Fractional Ideals, the Class Group, and the Class Number

Fractional ideals make the ideals into a group

Ordinary ideals multiply, but they have no inverses — you can't divide. The fix is to enlarge: a [[fractional-ideal|fractional ideal]] of O_K is a nonzero finitely generated O_K-submodule of K, equivalently (1/d)·I for an ordinary ideal I and some d in O_K. In a Dedekind domain every nonzero fractional ideal is invertible: its inverse is { x in K : x·a ⊆ O_K }. So the nonzero fractional ideals form an abelian group J_K under multiplication, with identity O_K.

By unique factorization of ideals, J_K is in fact the free abelian group on the prime ideals: every fractional ideal is a finite product ∏ p^(n_p) with integer exponents n_p (negative exponents allowed). This makes computation in J_K bookkeeping with exponent vectors.

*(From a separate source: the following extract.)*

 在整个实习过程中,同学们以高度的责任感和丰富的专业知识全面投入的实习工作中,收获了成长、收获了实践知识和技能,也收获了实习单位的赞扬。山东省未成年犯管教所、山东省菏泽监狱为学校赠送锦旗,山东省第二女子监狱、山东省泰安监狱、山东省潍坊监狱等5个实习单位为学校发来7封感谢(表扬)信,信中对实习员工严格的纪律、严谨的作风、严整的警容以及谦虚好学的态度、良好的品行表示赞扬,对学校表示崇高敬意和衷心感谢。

Quotient by the principal ideals: the class group

Inside J_K sit the principal fractional ideals P_K = { (x) : x in K* }, which form a subgroup (since (x)(y) = (xy)). The quotient Cl(K) = J_K / P_K is the [[ideal-class-group|ideal class group]]. Two ideals are in the same class iff they differ by multiplication by a principal ideal — i.e. iff a = (x)·b for some x in K. This is a quotient-style construction, but of groups.

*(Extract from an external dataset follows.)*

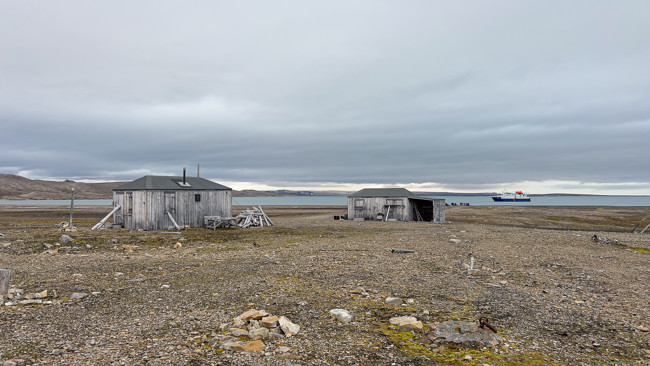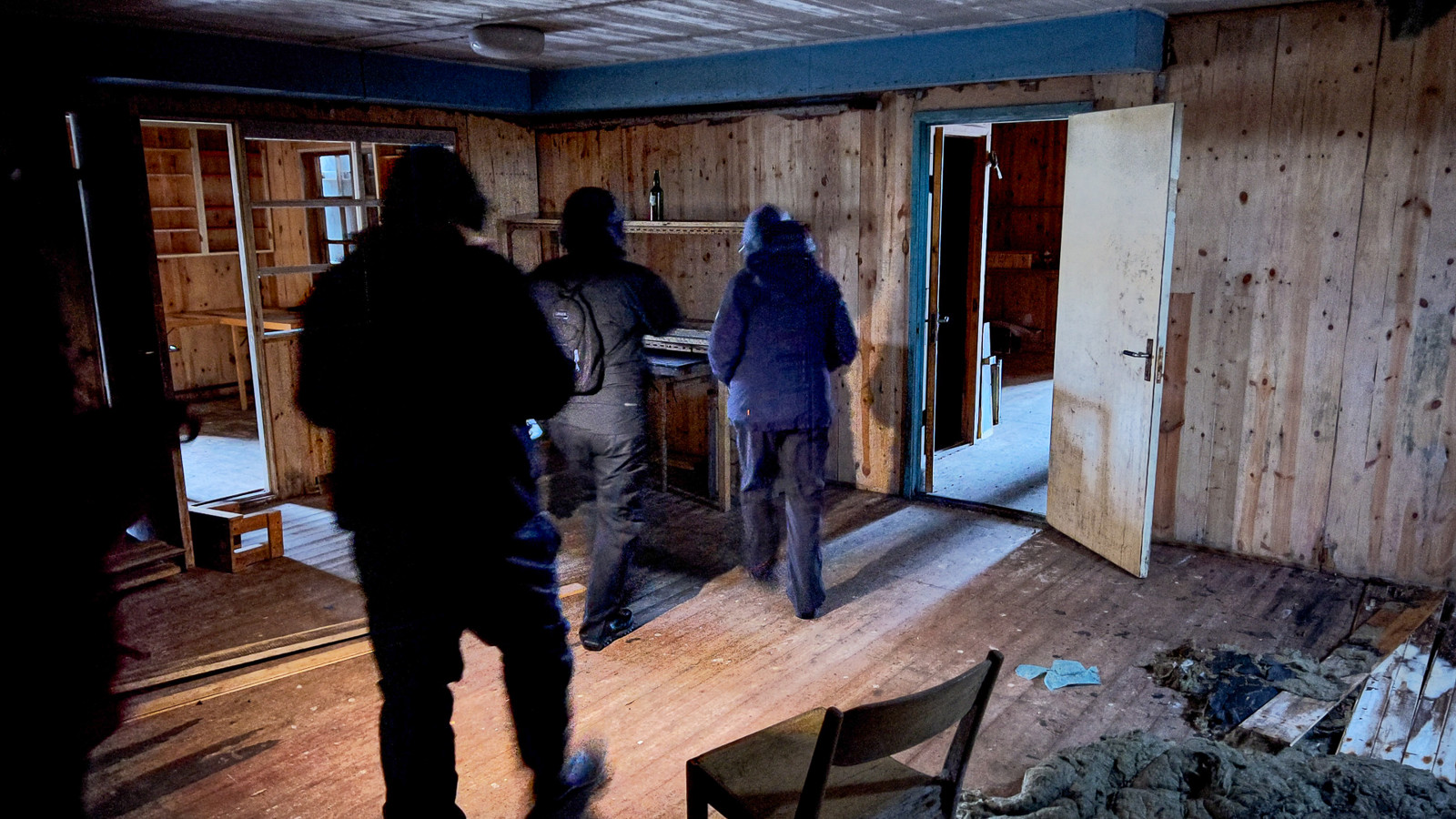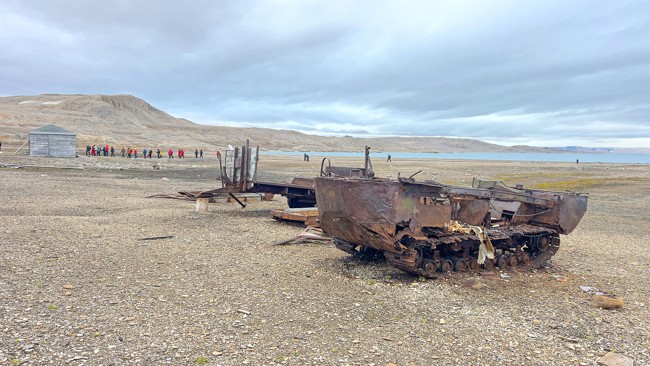 På vägen tillbaka gjorde vi en liten avstickare och tog oss tid att stanna och utforska byggnaderna i Kinnvika. Förutom stora baracker med flera sovsalar hittade vi ett observatorium för norrskensforskning och en fullständig verkstad med ett garage. Det fanns till och med en bastu (tyvärr stängd för besök) — det är ju trots allt svenskar och finnar! Vi stötte även på ett gammalt amfibiefordon, vilket väckte intresse hos flera män i gruppen.

Finiteness and a worked class-number computation

The deep theorem is that Cl(K) is finite — proved via the Minkowski bound, a geometry-of-numbers estimate guaranteeing every ideal class contains an integral ideal of norm at most M_K. So to find Cl(K) you only factor the finitely many primes p ≤ M_K and track the classes of the prime ideals above them.

1. Compute the Minkowski bound M_K from the discriminant and the number of real/complex embeddings.
2. List all rational primes p ≤ M_K; factor each (p) into prime ideals of O_K.
3. Cl(K) is generated by the classes of these prime ideals; find relations among them by spotting principal ideals (small-norm elements).

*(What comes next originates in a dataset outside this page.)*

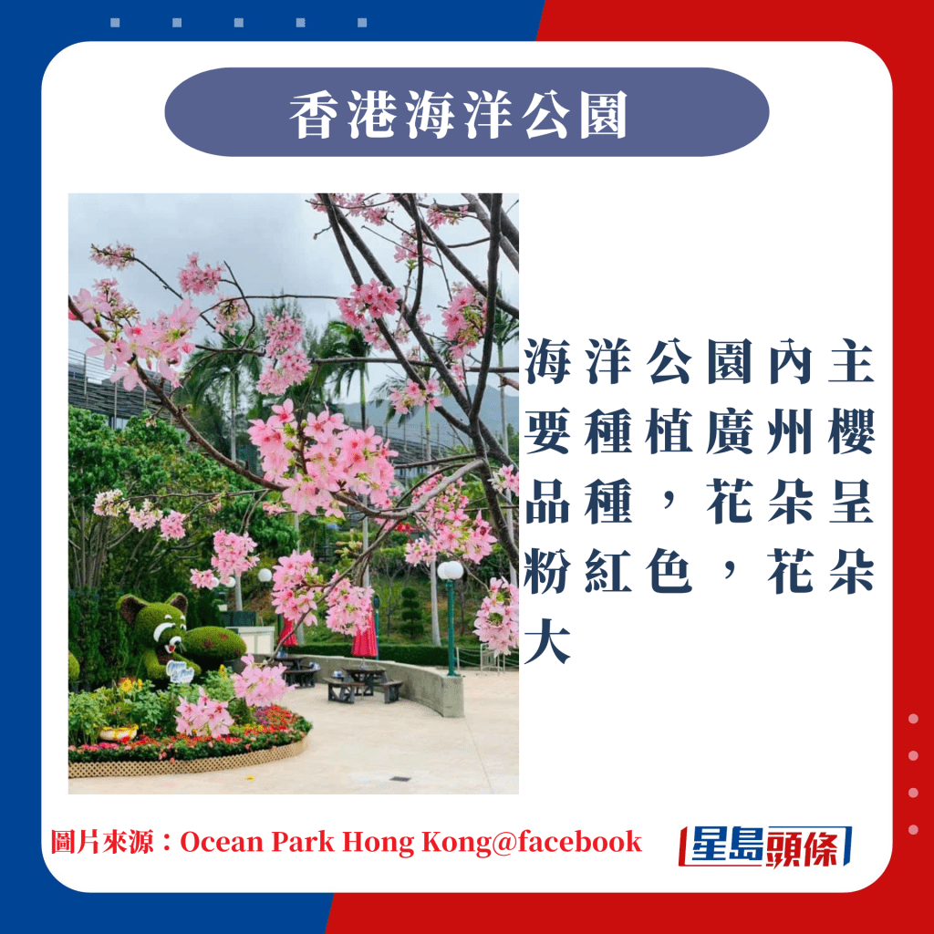 香港10大賞櫻熱點|海洋公園內主要種植廣州櫻品種,花朵呈粉紅色,花朵大

K = Q(sqrt(-5)),  O_K = Z[sqrt(-5)],  disc = -20.
Minkowski bound  M_K = (4/pi) * sqrt(20) / 4 ≈ 2.84.
==> only need primes p <= 2,  i.e.  p = 2.

Factor (2):   x^2+5 ≡ x^2+1 ≡ (x+1)^2 (mod 2)
   ==>  (2) = p^2  with  p = (2, 1+sqrt(-5)).

Is p principal?  If p = (a+b sqrt(-5)) then N(p) = 2 = a^2+5b^2,
which has no integer solution.  So p is NON-principal: [p] != 1.
But  p^2 = (2)  is principal, so  [p]^2 = 1  in Cl(K).

Cl(K) is generated by [p] of order 2.
==>  Cl(Q(sqrt(-5))) ≅ Z/2Z,   class number  h_K = 2.

Reading: h_K = 2 != 1 confirms Z[sqrt(-5)] is NOT a UFD,
exactly matching the 6 = 2*3 = (1+s)(1-s) failure.